Мистер Смолл, стиснув зубы, закрыл глаза и постарался успокоить дыхание: сейчас не время бояться и паниковать, он должен разобраться в происходящем.
Вновь обретя душевное равновесие (в той мере, в которой это было возможно), бывший моряк двинулся в обход зала, изучая другие экспонаты. Здесь были и странные засушенные растения – не гербарии, но дурно пахнущие комочки, когда-то бывшие розовыми букетами или лавандовыми венками; были изысканные подвески из кроваво-красных, словно налитых кровью, рубинов и синих, как девичьи очи, сапфиров. Встречались невысокие деревца странной формы в низких кадках (такие, кажется, только начали входить в моду, будучи завезенными из Японии) – изломанные, словно умоляющие о пощаде. Были древние книги со слипшимися страницами, покрытые плесенью; клетки с обломками косточек птичек или мелких зверюшек; растекшиеся пятна грязи, пахнущие гнилью и болотом, и при этом упрятанные под стеклянные колпаки, как ценнейшие из экспонатов; странные фигурные дверные ручки, напоминавшие то человеческий глаз, то оскал черепа. Несколько могильных плит с неразборчивыми надписями лежали на полу.
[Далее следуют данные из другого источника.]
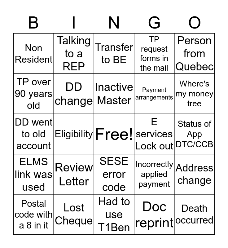 This bingo card has a free space and 24 words: Review Letter, Lost Cheque, Inactive Master, Postal code with a 8 in it, Person from Quebec, Non Resident, TP over 90 years old, Talking to a REP, E services Lock out, SESE error code, Payment arrangements, DD went to old account, Incorrectly applied payment, Address change, DD change, Doc reprint, Status of App DTC/CCB, Transfer to BE, Where's my money tree, Eligibility, Death occurred, ELMS link was used, TP request forms in the mail and Had to use T1Ben.

И по всему залу веял запах тления, смерти, животного, непреодолимого ужаса: он впитывался в одежду; проникал под кожу; впивался в корни волос, заставляя их шевелиться. Он был подобен той липкой грязи, что мистер Смолл ежедневно вытирал с полок и витрин в кабинете редкостей старого мистера Дьюиза.
Джонатан почти задыхался в этом обширном склепе, назначения и замысла которого не способен был постигнуть. Отступая назад к арке, сторож поднял фонарь повыше и разглядел в центре зала письменный стол, на котором, словно приглашая к прочтению, лежала раскрытая тетрадь.
***
Спустя пару часов (а, может, миновала целая вечность), закончив чтение ужасающего документа, Джонатан Смолл закрыл тетрадь и вытер липкий пот со лба.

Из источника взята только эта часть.